Il faut tout refaire au chalet, toiture, planchers, plates-bandes, rhododendrons à replanter, douche à l’italienne, allées à goudronner pour ne pas rayer la bagnole. Les artisans bernois ont des tarifs d’assassins et savent au premier coup d’oeil repérer le résident fiscal. C’est la première chose qu’on leur enseigne en apprentissage.
Je l’écoute en nettoyant les cadres avec du cognac. C’est le seul produit d’entretien que j’ai trouvé sur place. Le galeriste me regarde tristement vider sa bouteille dans un chiffon et effacer les traces de doigts sur les vitres.

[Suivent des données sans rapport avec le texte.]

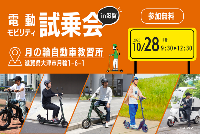 株式会社ブレイズ(本社:愛知県名古屋市、代表取締役:市川秀幸、以下「ブレイズ」)は、2025年10月28日(火)に滋賀県大津市の「月の輪自動車教習所」にて開催される試乗会に参加いたします。

J’ai terminé mon travail, je reprends mon marteau. Le galeriste continue son monologue. Il est mort, claqué, il vient de passer deux semaines au chalet, il dort mal. Un esprit frappeur y a pris ses aises et trouble le sommeil de ses occupants.
Chaque nuit on entend marmonner en suisse allemand, les escaliers grincent, les lumières s’allument et s’éteignent. On retrouve au matin un tableau de Combas accroché de travers, un bronze de César dans le frigidaire, une lithographie d’Arman tournée contre le mur. Le fantôme ne semble pas goûter l’école française.
Les exorcistes suisses sont hors de prix, me dit le galeriste dans un souffle douloureux.
Le lendemain, je retourne à la galerie. Mes cadres sont tous suspendus de travers. Le galeriste sort de son bureau. Il tient fièrement un niveau à bulle. Il a réinstallé mes cadres dans la nuit.